No more regen system in campaign mode. You should use med-kit to recover.
No longer just "decoration", your friend now has a cooldown-based skill that will help you get ammo, med-kit, until water-strike attack. Each character has their specific abilities
To leave the impression that your comrades do not end up just "guest" characters in a story that has no significant role, Sledgehammer Games designed a new gameplay system to encourage you to have an emotional attachment to them. They adapted the kill-streak system with their bonuses into the single player campaign mode. Like a skill system that has a cooldown time and needs to be filled, you can now ask for "reinforcements" to an active NPC friend who fights with you on the battlefield. Through a user-interface placed on the right side of the screen, you can see whoever you can ask for help at the moment or how many more bars to fill in so you can use it. Each member of your division will offer you different abilities, from those who give you ammo, med-kit, highlight every enemy so you can know where they are, until you can call in the Artillery Strike help to help clear one area instant.
Outside the system without health regeneration and support from your NPC friend, Call of Duty: WWII also offers several new game sessions that make it not only unique, but reinforces existing story presentations. There are sessions when you play as Rosseau - a spy as well as a rebel leader who is not focused on taking up arms. You are actually asked to infiltrate the enemy's headquarters with a gameplay centered on trying to recall your false identity, picking up information from Nazi officials, and "inciting" liberation wars in Paris. Another new gameplay segment that we think is pretty cool is the super fast driving session by using the Jeep in the midst of bullet tremors and dramatic heavy weapons. The rest? You are familiar with the formula of Call of Duty will still be dealing with the same content.
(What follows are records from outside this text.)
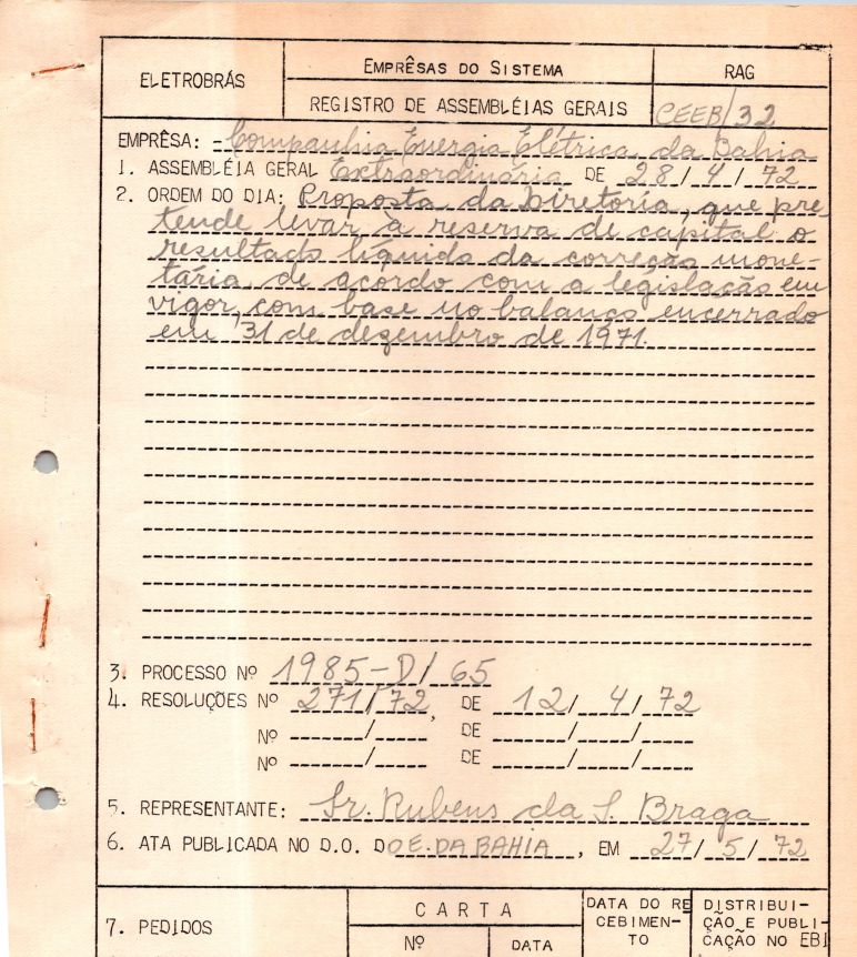 Documentos referentes à Assembleia Geral Extraordinária da Companhia Energia Elétrica da Bahia - CEEB - ocorrida em 28 de abril de 1972, tendo como pauta a proposta da Diretoria de levar à reserva de capital o resultado líquido da correção monetária.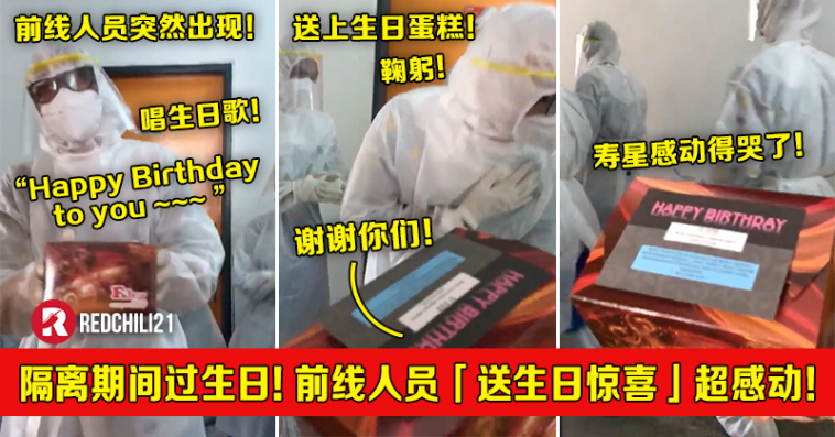 据《星洲日报》报道,寿星在采访时表示自己的生日是10月15日,原以为会在隔离宿舍里独自度过生日,但没想到会收到惊喜。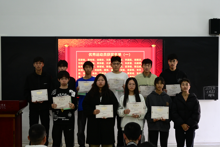 为总结好校运会期间的各项工作,对公司全体运动员的辛苦付出给予高度认可,弘扬艰苦奋斗、团结拼搏、积极向上的体育精神,1月12日中午,太阳成集团tyc122ccvip在厚德楼东阶梯教室举行校运会总结表彰大会。公司党总支副书记、副经理陈倚重、公司团委书记陈金雄、体育部指导老师黄士库以及其他辅导员老师出席此次大会。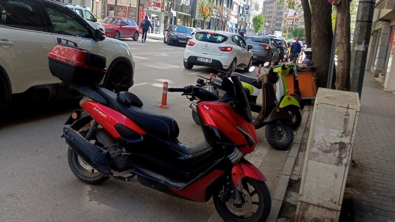 Dubaların araç girişini sınırladığı noktada motosikletlerin bu boşlukları değerlendirerek park ettiği, kaldırım ve yol kenarı arasında sıkışık bir görüntü oluştuğu gözlemlendi.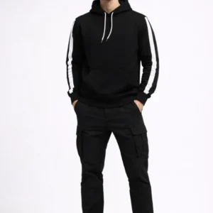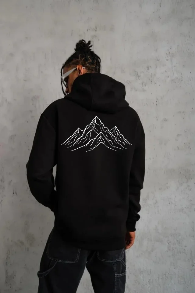 Erkek Kapüşonlu Sweatshirt Hoodie 3 İplik Şardonlu Pamuklu Kumaş, Önü Baskılı, Fermuarlı Rahat Kalıp, Kışlık Ve Sokak Stili Sweat – Siyah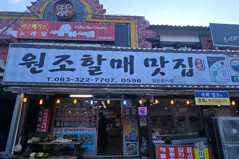 식당 앞에 도착하니, 낡은 간판이 세월의 흔적을 고스란히 보여주고 있었다. 에서 보듯, 주변 상가들과 함께 정겹게 자리 잡은 모습이었다. 커다란 글씨로 쓰인 “원조할매맛집”이라는 상호가 왠지 모르게 믿음직스러웠다. 을 보면, 가게 앞에는 메뉴판과 함께 싱싱한 채소들이 놓여 있어 더욱 기대감을 높였다. 문을 열고 들어서자, 따뜻한 온기가 느껴졌다.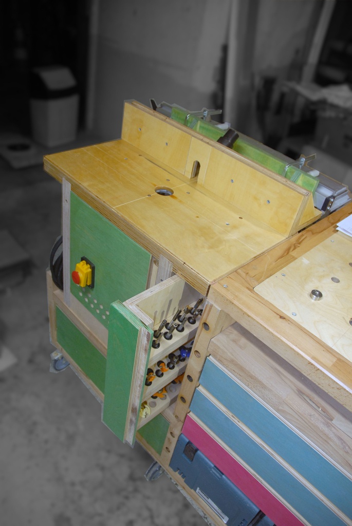 N'ayant que très peu de place, je souhaitais un établi multi-fonction qui puisse être mobile, intègre la scie et la défonceuse sous table et qui permette également de stocker un maximum d'outils et de consommables.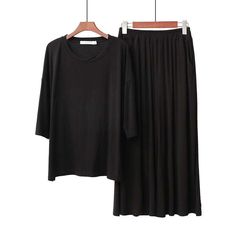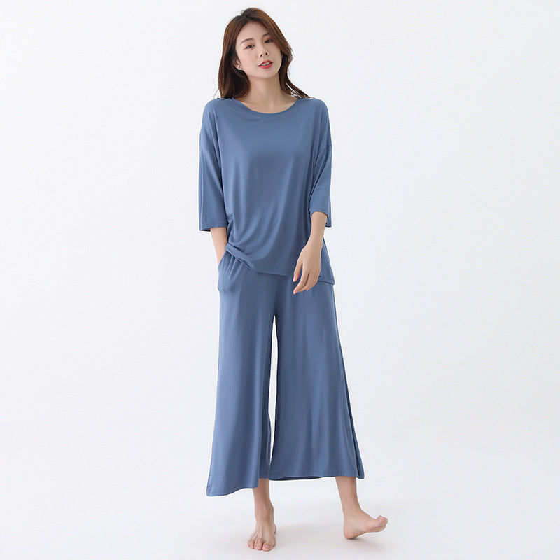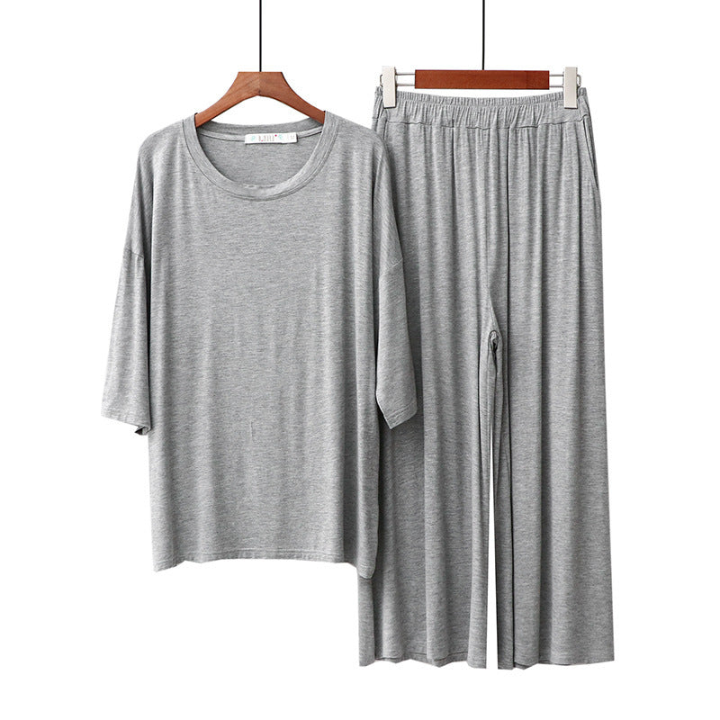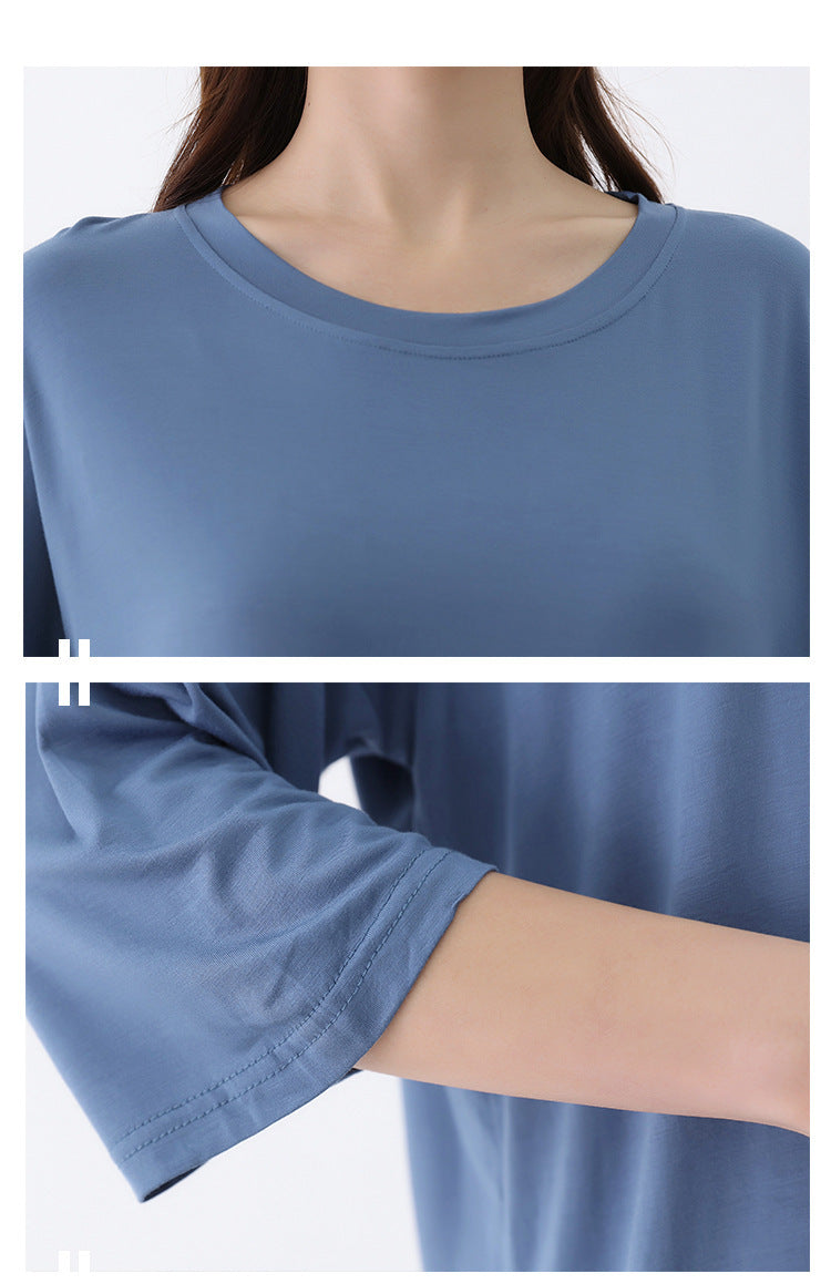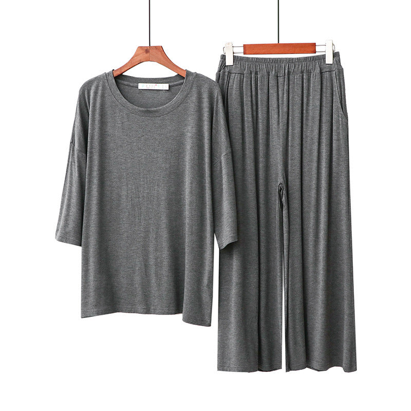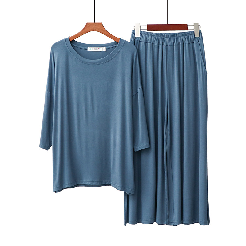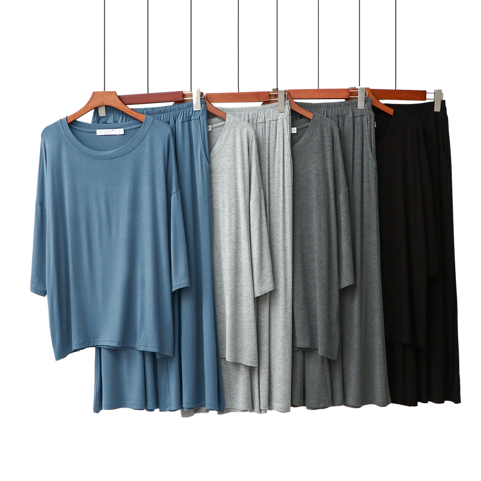 معلومات المنتج: اسم القماش: مودال النمط: بسيط وطبيعي النسيج: حياكة نوع الياقة: رقبة مستديرة طول الأكمام: أكمام ثلاثة أرباع طول البنطلون: بنطلون قصير اللون: 2170 رمادي فاتح، 2170 رمادي غامق، 2170 نيلي، 2170 أسود المقاس: M، L

The struggle is not always about taking up arms, and it offers something new and different in COD: WWII, by maintaining the same intensity.
Even on a mission that should be "stealth" though, open warfare will not directly make the mission fail. But he will adapt and offer different consequences for you to pass.
One interesting thing, is the "freedom" gameplay that he offers in some existing missions. That unlike most games that will foil you away when you are caught on a mission that is clearly a stealth-based mission for example, Call of Duty: WWII decided to push the gameplay to keep going. There is no instant failure process and the like here, only you have to deal with temporary specific consequences. Opening open attacks means making a lot of Nazi troops aware of your position and will try to attack you just like that. In one of the missions where you have to settle to catch a train for example, it will start counting the countdown right away until the train departs, leaving you now "locked" inside a limited time space.
Then the result is a campaign mode that deserves to thumbs up. Outside of a variety of newly injected gameplay innovations, including the now different QTE sessions by asking you to steer ahead of the direction you want to achieve, the ability of Sledgehammer Games to mix a more personal and emotional war story is what makes us fall in love. This is no longer just killing the evil Nazi forces with the existing Allied forces. It's also a matter of seeing and viewing war as a whole situation. A tragedy that asks for life, whether it is bound or unbound to your life.